ShiraTronics raises $66M for its neuromodulation implant for chronic migraines

After putting forward preliminary clinical data earlier this year from its neuromodulation implant for reducing chronic migraines, ShiraTronics has raised $66 million in venture capital financing to complete a new pivotal trial and take its device through to the FDA.

The Minneapolis-based company’s drug-free therapy system is designed for patients who have not seen relief with pharmaceutical treatments, with severe headaches occurring at least 15 days each month. The device is implanted under the skin in the head and delivers small electrical pulses to the occipital and supraorbital nerves to help interrupt migraine pain signals.

This past July, ShiraTronics presented poster findings (PDF) from a pilot study of about 10 patients in Australia, at a conference hosted by the American Society of Pain and Neuroscience.

After 12 weeks of treatment, the participants reported significant reductions in the number of migraine days per month—from an average of 19 at the start of the study down to about seven—as well as improvements in quality of life, according to the company.

ShiraTronics reported the first human implantation of its system, which includes bilateral pulse generators aimed at nerves on the right and left sides of the head, in December 2023. The approach previously received a breakthrough designation from the FDA in 2021.

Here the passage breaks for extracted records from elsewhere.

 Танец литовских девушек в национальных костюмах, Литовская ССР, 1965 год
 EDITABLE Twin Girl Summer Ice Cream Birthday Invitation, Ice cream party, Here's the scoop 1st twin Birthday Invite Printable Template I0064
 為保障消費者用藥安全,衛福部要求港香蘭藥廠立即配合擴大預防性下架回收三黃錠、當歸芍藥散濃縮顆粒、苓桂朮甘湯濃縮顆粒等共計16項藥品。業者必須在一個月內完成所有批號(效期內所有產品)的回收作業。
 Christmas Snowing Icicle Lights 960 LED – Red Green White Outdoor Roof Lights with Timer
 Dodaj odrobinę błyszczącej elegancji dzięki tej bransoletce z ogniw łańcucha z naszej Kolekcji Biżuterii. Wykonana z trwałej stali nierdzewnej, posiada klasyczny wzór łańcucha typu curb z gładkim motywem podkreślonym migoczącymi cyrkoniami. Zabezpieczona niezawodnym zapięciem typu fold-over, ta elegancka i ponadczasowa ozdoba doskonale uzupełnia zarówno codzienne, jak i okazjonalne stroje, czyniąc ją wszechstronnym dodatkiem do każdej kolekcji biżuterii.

“Today, about 3 million patients in the U.S. suffer from chronic migraine attacks that are resistant to conventional therapies,” CEO Rob Binney said in a statement. “We are deeply grateful for the support of our distinguished new and existing investors, and are laser-focused on delivering this breakthrough therapy to those in need.”

The company’s series B round was led by Norwest Venture Partners and was joined by Seroba, OSF Ventures and the Global BioAccess Fund, alongside previous backers U.S. Venture Partners, Amzak Health, Treo Ventures and Aperture Venture Partners.

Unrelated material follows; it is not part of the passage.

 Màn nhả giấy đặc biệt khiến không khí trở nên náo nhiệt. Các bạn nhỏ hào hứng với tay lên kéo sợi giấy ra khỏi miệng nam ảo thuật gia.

ShiraTronics is currently enrolling participants for a randomized, sham-controlled trial at centers in the U.S. and Australia. It will include the use of a trial system to gauge tolerability, with temporarily implanted electrical leads, before a procedure that places a permanent device. The company said its neuromodulation therapy can be delivered 24 hours a day, seven days a week, with weekly charging sessions.